== REQUIRED WORK ==
From the first line to the last, return the data exactly, with no pictures.

== DATA ==
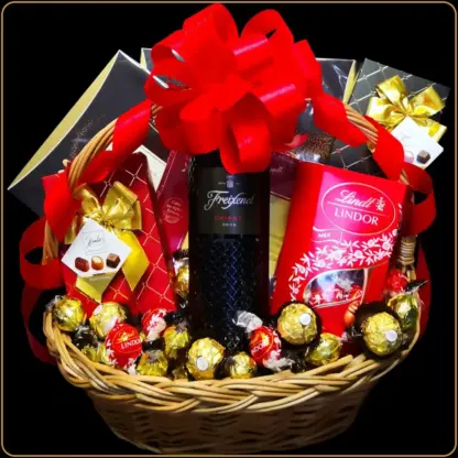 Ova poklon korpa pripada srednjem cenovnom rangu , ali po svojoj prezentaciji i izboru brendova deluje kao mnogo vredniji poklon. Kombinacija vina, Lindt i Mozart čokolada, pralina i Ferrera čini je poklonom koji nikoga ne ostavlja ravnodušnim.
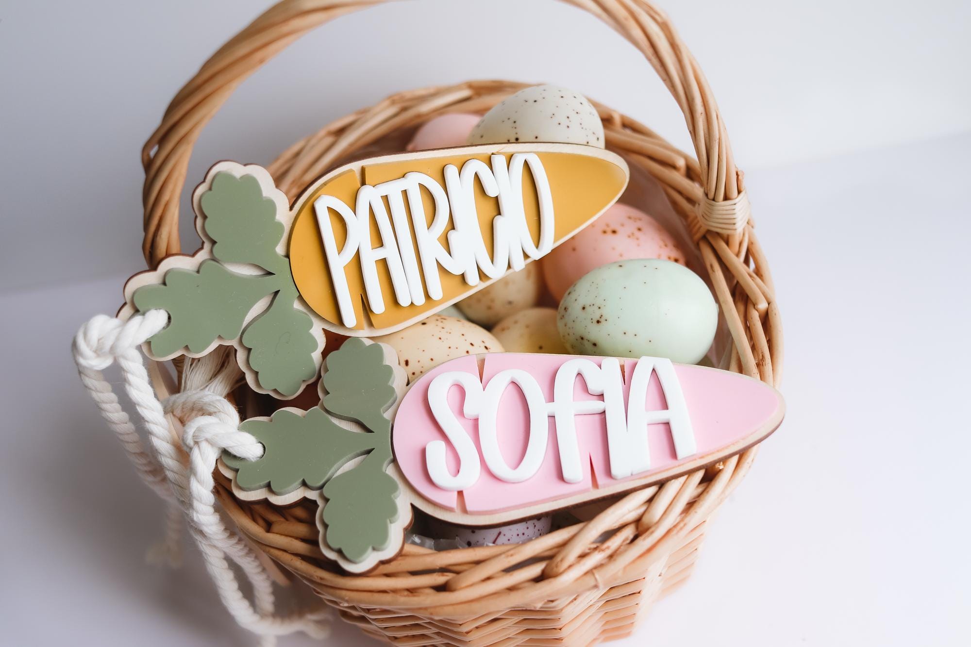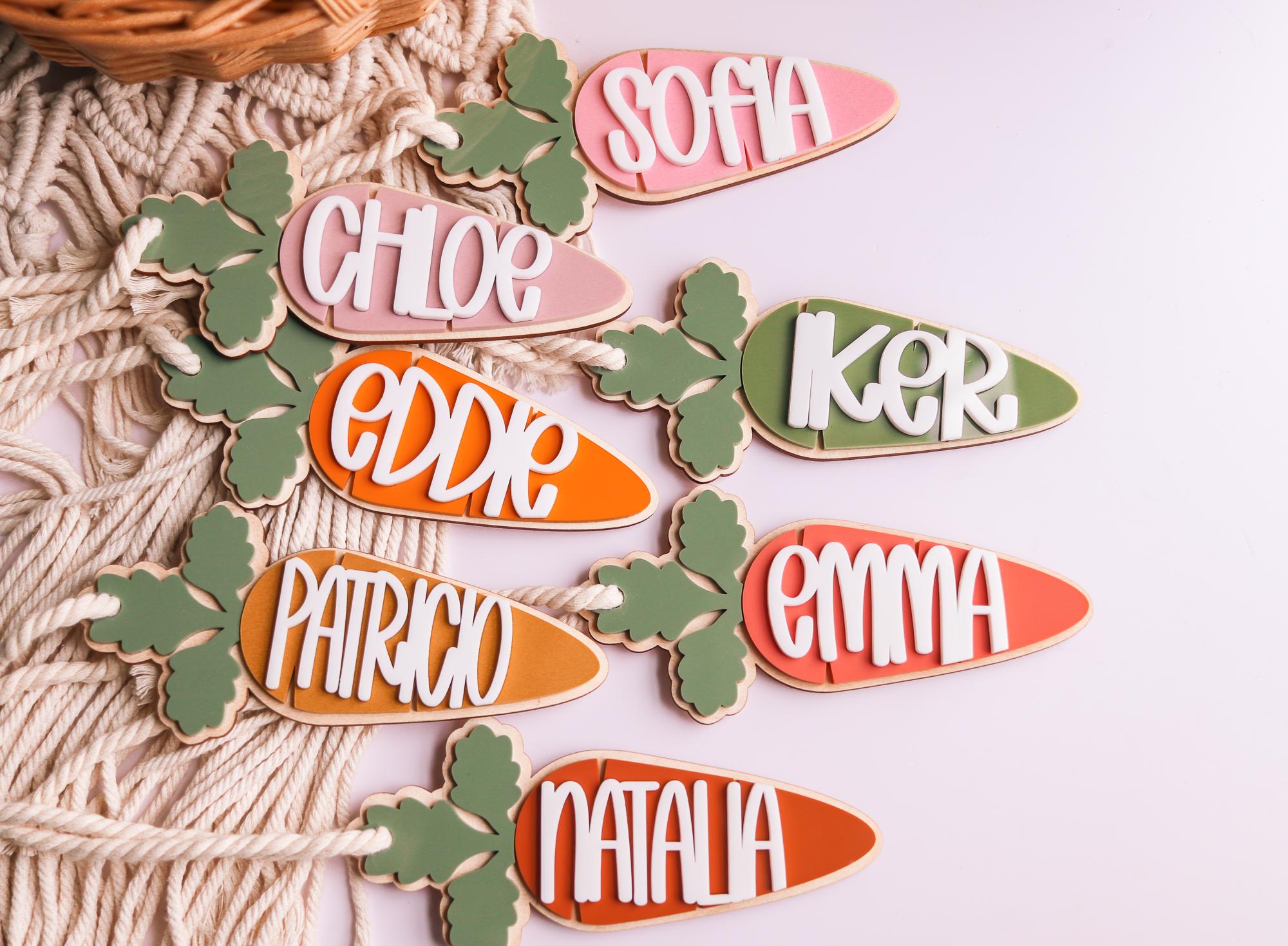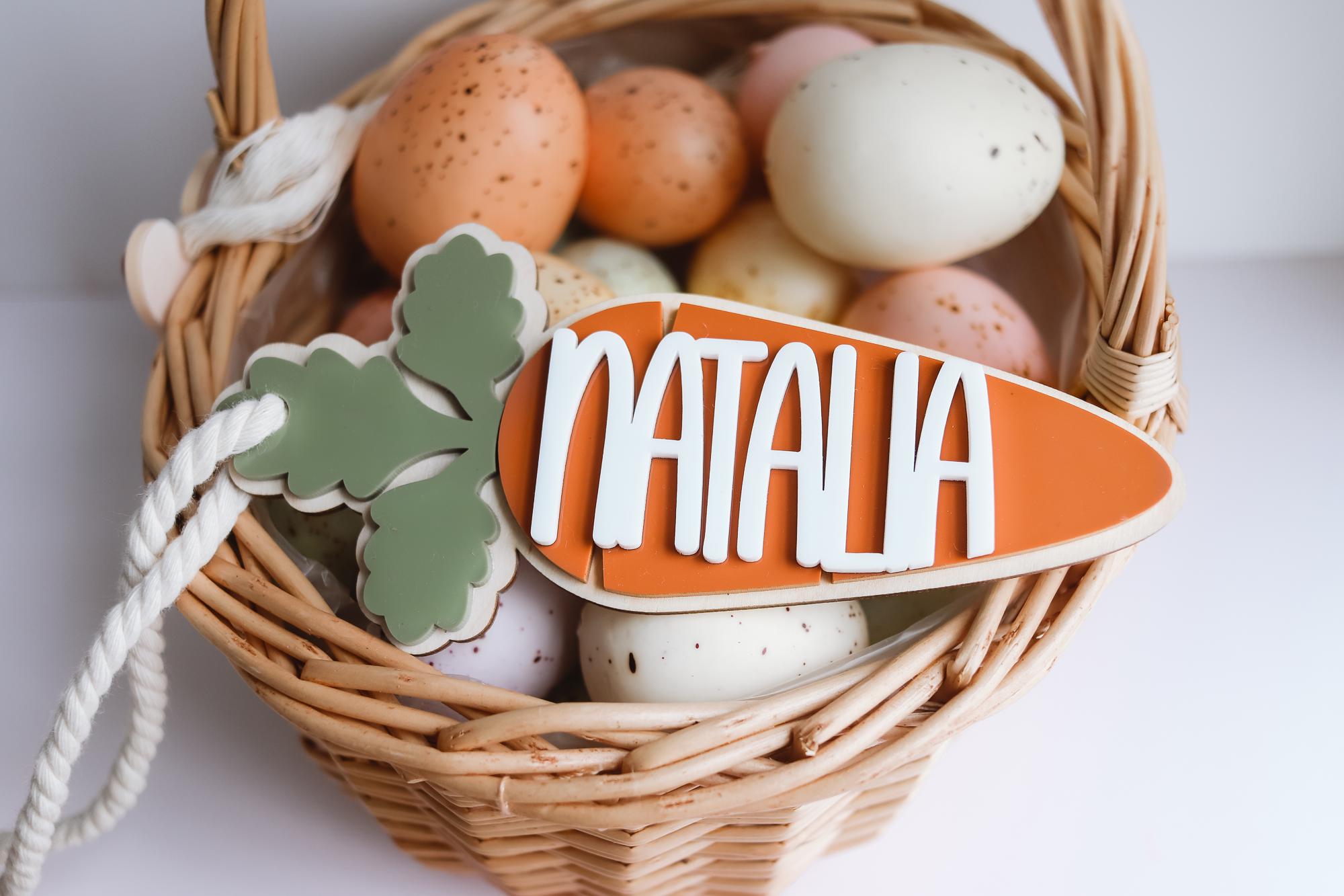 🥕 Personalized Easter Carrot Name Tag – Custom Wooden Basket Tag
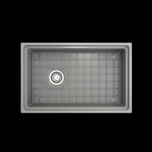 Apron Front Step Rim with Integrated Work Station Fireclay 30 in. Single Bowl Kitchen Sink with Accessories in Matte Gray

== ANSWER BOX ==
 Ova poklon korpa pripada srednjem cenovnom rangu , ali po svojoj prezentaciji i izboru brendova deluje kao mnogo vredniji poklon. Kombinacija vina, Lindt i Mozart čokolada, pralina i Ferrera čini je poklonom koji nikoga ne ostavlja ravnodušnim.
 🥕 Personalized Easter Carrot Name Tag – Custom Wooden Basket Tag
 Apron Front Step Rim with Integrated Work Station Fireclay 30 in. Single Bowl Kitchen Sink with Accessories in Matte Gray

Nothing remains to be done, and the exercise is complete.